Hepatoblastoma often presents as a large, asymptomatic abdominal mass, typically discovered during a routine physical examination or incidentally by a parent. As the disease progresses, symptoms such as osteopenia, weight loss, anorexia (loss of appetite), nausea, vomiting, fever, and abdominal pain may develop. Children with hepatoblastoma may also exhibit normochromic normocytic anemia (characterized by pale skin and lips due to a reduced number of red blood cells) or jaundice (yellowing of the eyes and skin due to elevated bilirubin levels).
Hepatoblastoma occurs more frequently in patients with Beckwith-Wiedemann syndrome and familial adenomatous polyposis (FAP). Beckwith-Wiedemann syndrome is characterized by a large tongue, enlarged organs, increased body size, umbilical hernia, abdominal wall defects, and low blood sugar during infancy. FAP is an inherited disorder marked by the development of thousands of colon polyps, which, if untreated, will progress to colon cancer. Hepatoblastoma is also more common in premature infants and those born with very low birth weight.
A tissue sample is taken from the primary tumor to confirm diagnosis.

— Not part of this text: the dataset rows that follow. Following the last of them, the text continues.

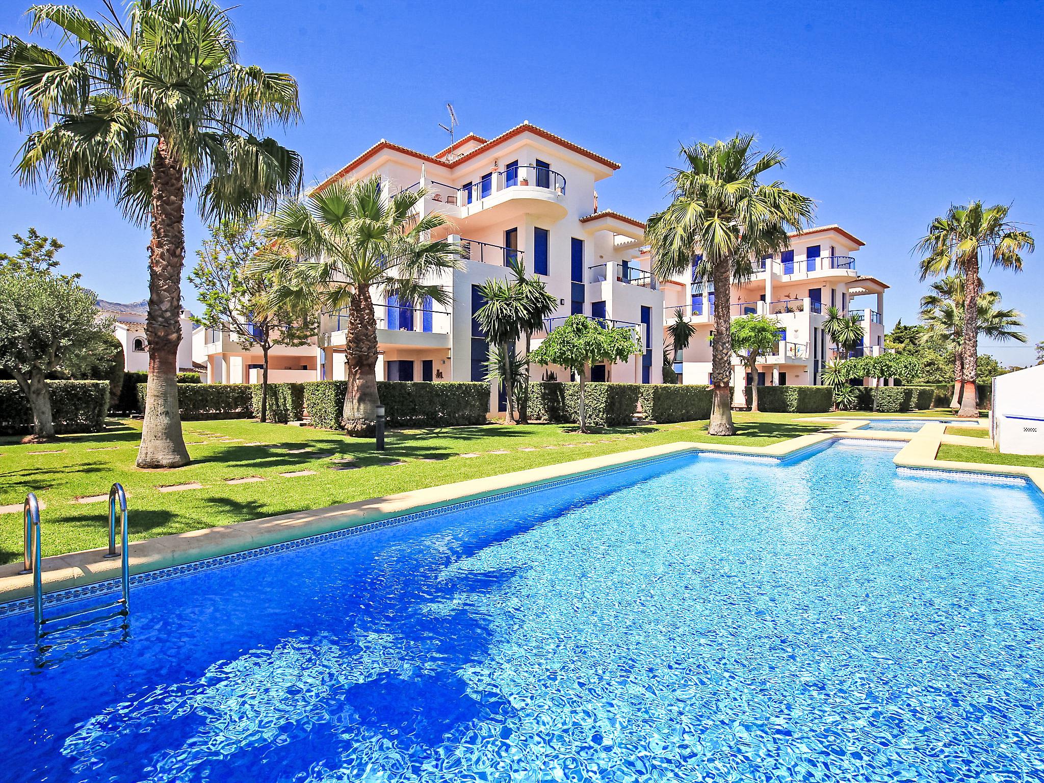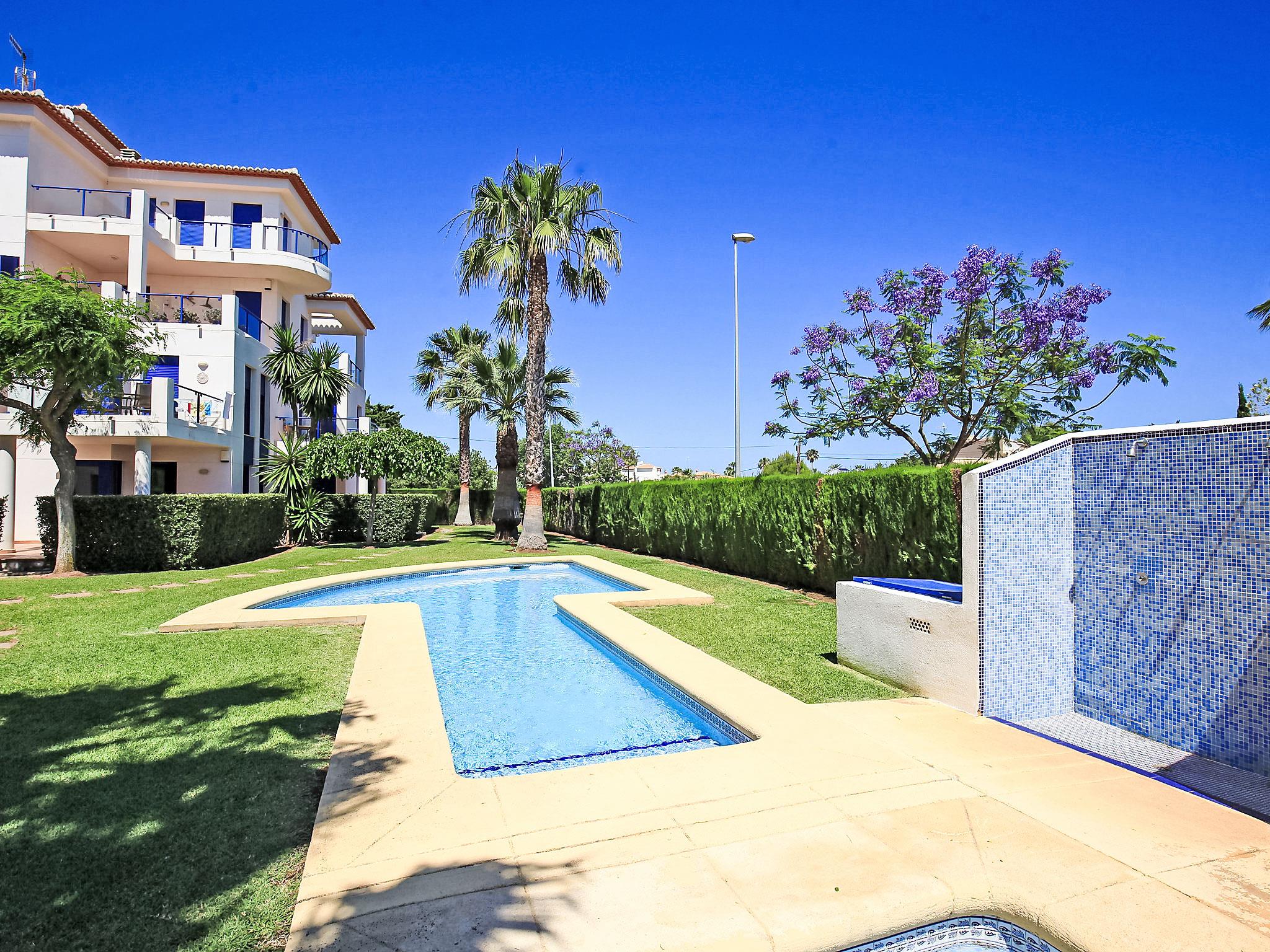 Apartment block "Alma del Sol", 3 storeys, built in 2002. 3 km from the centre of Els Poblets, 10 km from the centre of Dénia, 400 m from the sea, road to cross, on a main road. For shared use: well-kept garden with lawn and plants, swimming pool (8 x 14 m, depth 40 - 210 cm, seasonal availability: 01.Jan. - 31.Dec.) with internal staircase. Children's pool, outdoor shower, parking. Supermarket 900 m, restaurant 600 m, bar, café 600 m, bus stop 100 m, sandy beach 400 m, shingle beach 800 m. Golf course (18 hole) 8 km. Groups of teenagers on request only.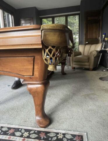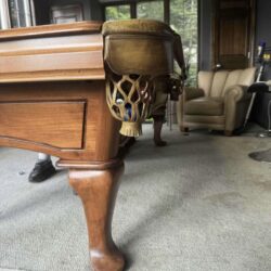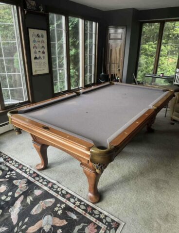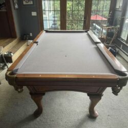 Quality AMF pool table with a 3-piece slate top. Strong hardwood construction, smooth playability, and a beautiful deep honey finish with detailed framing. The table is in great shape and ready for delivery.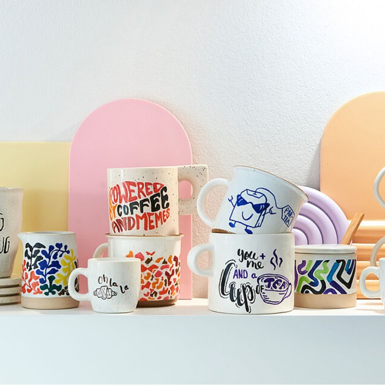 Whether it be mugs, ornaments or eggcups, the New edding 4200 porcelain brushpens are ideal for decorating on porcelain with brilliant colour results. The ink is also great for use on glazed ceramic and heat-resistant glass.

Surgery and chemotherapy are the primary treatment modalities for hepatoblastoma. Up to 85% of the liver can be safely removed during surgery, as the remaining liver is capable of regenerating within a few months. Pulmonary metastases present at diagnosis should also be surgically removed, if feasible. Multi-agent chemotherapy is typically administered both before and after surgery, as these tumors are highly responsive to chemotherapy. Liver transplantation may be considered for children with unresectable tumors.
Approximately 90% of children with resectable tumors are cured, while those with unresectable tumors have survival rates around 60%. Patients who present with metastatic disease at diagnosis have a long-term survival rate of about 25%.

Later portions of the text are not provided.